Information supplied.
◆ ◆ ◆ ◆

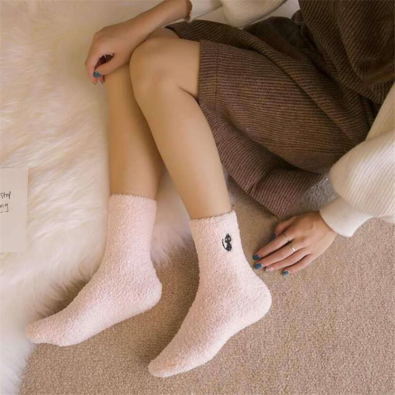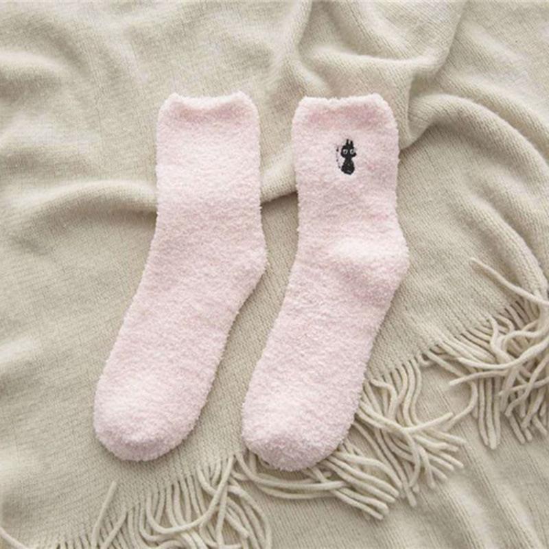 Утепленные женские хлопковые плюшевые утепленные носки с вышивкой кота, женские забавные милые носки для сна, зимние носки
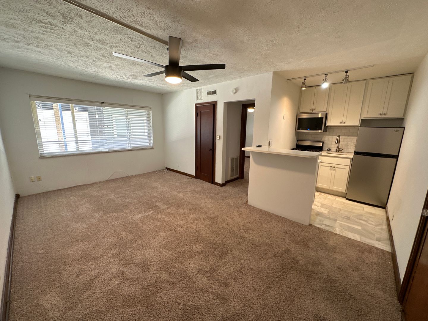 This large one-bedroom apartment is a 1st floor middle unit. A few steps away from Campus just north of Lane Avenue. Surprisingly quiet due to concrete block construction, this unit features large living room and bedroom, AC, and ceiling fan.
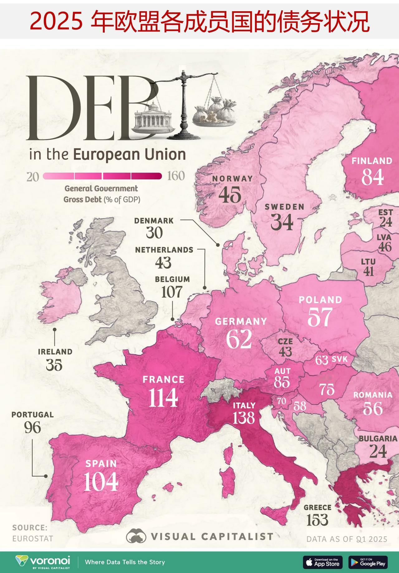 2025 年欧盟各成员国的债务与国内生产总值之比 随着欧洲各国将数十亿资金投入到国防开支中,其债务总额也在不断增加——这引发了有关国家财政稳定性的质疑。 在法国,不断上升的债务比率导致惠誉在 9 月下调了该国的信用评级。该国正持续遭受政治动荡,其债务供应量近期已达到创纪录的 4 万亿美元。 这张图表展示了展示了截至 2025 年第一季度,欧盟各国政府的总债务占国内生产总值的百分比情况,数据来源于欧盟统计局。 尽管到 2025 年,希腊的经济因旅游业、房地产和航运业的繁荣而蓬勃发展,但其债务状况仍为欧盟中最为糟糕的。 然而,该国的债务与国内生产总值的比率近年来持续下降,从 2022 年的 180%降至如今的 153%。鉴于其近期的经济势头,该国与贝莱德集团合作设立了创新与基础设施基金,旨在吸引 12 亿美元的外资投入。 意大利的债务与国内生产总值的比率在欧盟中位居第二高位,为 138%。然而,该国在缩减赤字方面取得了显著进展,从 2023 年占国内生产总值的 7.2%降至 2024 年的 3.4%,这得益于强劲的税收收入。与希腊一样,其债务水平也一直在逐渐下降。 相比之下,法国的债务水平正在上升,其债务占国内生产总值的比例已达 114%。为了应对日益恶化的财政状况,法国政府提高了退休年龄,并提议取消两个法定假日——此举引发了公众的强烈不满。 与此同时,德国的债务比率仅为 62%,显著低于欧盟 82%的平均水平。然而,该国却通过大幅增加国防开支来放宽财政规则,从而导致债务水平上升。
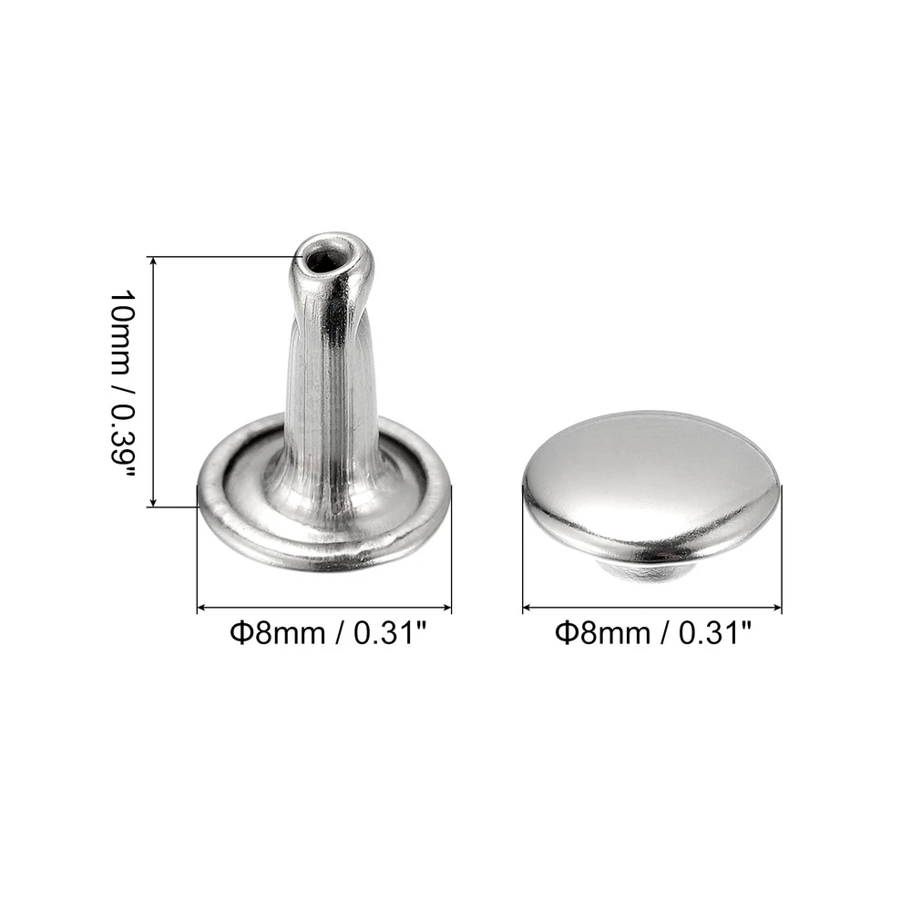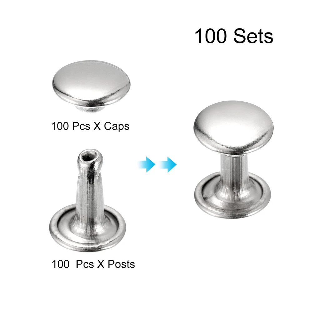 Document Description:1. Material: The double cap rivets are made of carbon steel material, durable, electroplating surface treatment, rust prevention, oxidation resistance, bright luster, and durability.2. Advantages: Round design, rivet outside corner round and smooth, beautiful and not easy to fall off, lightweight, small volume, can be used for a long time.3. Easy installation: Punch a hole in the items requiring leather rivet with a punch hole tool, then place the rivet foot up on the base, push it into the hole, and place the rivet cap, the mounting punch is vertically aligned with the rivet cap and can be fixed by beating the mounting punch with a hammer. Better if you have professional leather binding tools.4. Application: Leather rivets are usually used to repair and DIY decorate your items such as belts, bags, totes, handbags, purses, crafts, etc. They can also be used to decorate clothing such as shoes, jackets, jeans, etc. A variety of materials can be installed, such as leather, paper, fabric, etc.Specifications:Material: Carbon SteelColor: Silver ToneFinish: ElectroplatedRivet Diameter: 8mm / 0.31"Base Height: 10mm / 0.39"Suitable for (Max.): 6.5mm / 0.26" ThickPackage Included:100 Sets x Double Cap Rivets(100pcs Caps, 100pcs Posts) 20 Sets Leather Rivets Silver Tone 8mm Brass Rivet Studs with Setting Tools USD 13.73 Metal Nails Tacks 1/2"(13mm) for Shoes Boots Leather Heels Soles Black 650pcs USD 12.78 50 Sets Leather Rivets Bronze Tone 6mm Brass Rivet Studs with Setting Tools USD 15.09 50 Sets Leather Rivets Silver Tone 8mm Brass Rivet Studs with Setting Tools USD 16.38 180Sets Leather Rivets Kit 3 Colors 2 Sizes with 3PCS Setting Tools for Leather USD 16.83 20 Sets Leather Rivets Gold Tone 8mm Brass Rivet Studs with Setting Tools USD 13.73 100 Sets Leather Rivets, 8mm Double Cap Rivets 10mm Height Studs, Silver Tone Description: 1. Material: The double cap rivets are made of carbon steel material, durable, electroplating surface treatment, rust prevention, oxidation resistance, bright luster, and durability. 2. Advantages: Round design, rivet outside corner round and smooth, beautiful and not easy to fall off, lightweight, small volume, can be used for a long time. 3. Easy installation: Punch a hole in the items requiring leather rivet with a punch hole tool, then place the rivet foot up on the base, push it into the hole, and place the rivet cap, the mounting punch is vertically aligned with the rivet cap and can be fixed by beating the mounting punch with a hammer. Better if you have professional leather binding tools. 4. Application: Leather rivets are usually used to repair and DIY decorate your items such as belts, bags, totes, handbags, purses, crafts, etc. They can also be used to decorate clothing such as shoes, jackets, jeans, etc. A variety of materials can be installed, such as leather, paper, fabric, etc. Specifications: Material: Carbon Steel Color: Silver Tone Finish: Electroplated Rivet Diameter: 8mm / 0.31" Base Height: 10mm / 0.39" Suitable for (Max.): 6.5mm / 0.26" Thick Package Included: 100 Sets x Double Cap Rivets(100pcs Caps, 100pcs Posts) Hot Item 180Sets Leather Rivets Kit 3 Colors 2 Sizes with 3PCS Setting Tools for Leather USD 16.83 50 Sets Leather Rivets Bronze Tone 6mm Brass Rivet Studs with Setting Tools USD 15.09 20 Sets Leather Rivets Gold Tone 8mm Brass Rivet Studs with Setting Tools USD 13.73 50 Sets Leather Rivets Silver Tone 8mm Brass Rivet Studs with Setting Tools USD 16.38 20 Sets Leather Rivets Gold Tone 10mm Double Cap Brass Rivet Leather Studs USD 9.65 Payment We accept eBay payment. Please do not email us to ask for other payment option. We appreciate prompt payment and look forward to your business in the future. Unpaid item will be filed without receiving payment in 7 days from listing ended. Shipping Usually we ship your order out within 24 hours in business day. For shipping and handling charges (S&H) for specific item, please refer to the item listing page for more details. Please make sure your shipping address is correct. We are not responsible for any loss in transit if a wrong address is provided. Return Policy Returns for exchange are permitted and must be initiated by the buyer within 30 days upon receipt. If you would like to return your product(s) for repair / replacement / refund, please kindly contact our customer service representatives via email for an authorized RMA number. Your returned product(s) will not be processed without a completed RMA. About Us We are continually expanding our product selection to better serve your need. We look forward to providing the best sevice to you - our dear customers, so take a look around our store and find the product that you want. You can put your trust in us! If you need any help or have any suggestions, please don't hesititate to contact us anytime , we will reply you within 24 hours and try the best to help you. Description Policy 100 Sets Leather Rivets, 8mm Double Cap Rivets 10mm Height Studs, Silver Tone Description: 1. Material: The double cap rivets are made of carbon steel material, durable, electroplating surface treatment, rust prevention, oxidation resistance, bright luster, and durability. 2. Advantages: Round design, rivet outside corner round and smooth, beautiful and not easy to fall off, lightweight, small volume, can be used for a long time. 3. Easy installation: Punch a hole in the items requiring leather rivet with a punch hole tool, then place the rivet foot up on the base, push it into the hole, and place the rivet cap, the mounting punch is vertically aligned with the rivet cap and can be fixed by beating the mounting punch with a hammer. Better if you have professional leather binding tools. 4. Application: Leather rivets are usually used to repair and DIY decorate your items such as belts, bags, totes, handbags, purses, crafts, etc. They can also be used to decorate clothing such as shoes, jackets, jeans, etc. A variety of materials can be installed,

◆ ◆ ◆ ◆

Task details. Up to and including the line with "在法国,不断上升的债务比率导致惠誉在 9 月下调了该国的信用评级。该国正持续遭受政治动荡,其债务供应量近期已达到创纪录的", copy the data above from its first line. Skip pictures.

Answer to the exercise.
 Утепленные женские хлопковые плюшевые утепленные носки с вышивкой кота, женские забавные милые носки для сна, зимние носки
 This large one-bedroom apartment is a 1st floor middle unit. A few steps away from Campus just north of Lane Avenue. Surprisingly quiet due to concrete block construction, this unit features large living room and bedroom, AC, and ceiling fan.
 2025 年欧盟各成员国的债务与国内生产总值之比 随着欧洲各国将数十亿资金投入到国防开支中,其债务总额也在不断增加——这引发了有关国家财政稳定性的质疑。 在法国,不断上升的债务比率导致惠誉在 9 月下调了该国的信用评级。该国正持续遭受政治动荡,其债务供应量近期已达到创纪录的 4 万亿美元。 这张图表展示了展示了截至 2025 年第一季度,欧盟各国政府的总债务占国内生产总值的百分比情况,数据来源于欧盟统计局。 尽管到 2025 年,希腊的经济因旅游业、房地产和航运业的繁荣而蓬勃发展,但其债务状况仍为欧盟中最为糟糕的。 然而,该国的债务与国内生产总值的比率近年来持续下降,从 2022 年的 180%降至如今的 153%。鉴于其近期的经济势头,该国与贝莱德集团合作设立了创新与基础设施基金,旨在吸引 12 亿美元的外资投入。 意大利的债务与国内生产总值的比率在欧盟中位居第二高位,为 138%。然而,该国在缩减赤字方面取得了显著进展,从 2023 年占国内生产总值的 7.2%降至 2024 年的 3.4%,这得益于强劲的税收收入。与希腊一样,其债务水平也一直在逐渐下降。 相比之下,法国的债务水平正在上升,其债务占国内生产总值的比例已达 114%。为了应对日益恶化的财政状况,法国政府提高了退休年龄,并提议取消两个法定假日——此举引发了公众的强烈不满。 与此同时,德国的债务比率仅为 62%,显著低于欧盟 82%的平均水平。然而,该国却通过大幅增加国防开支来放宽财政规则,从而导致债务水平上升。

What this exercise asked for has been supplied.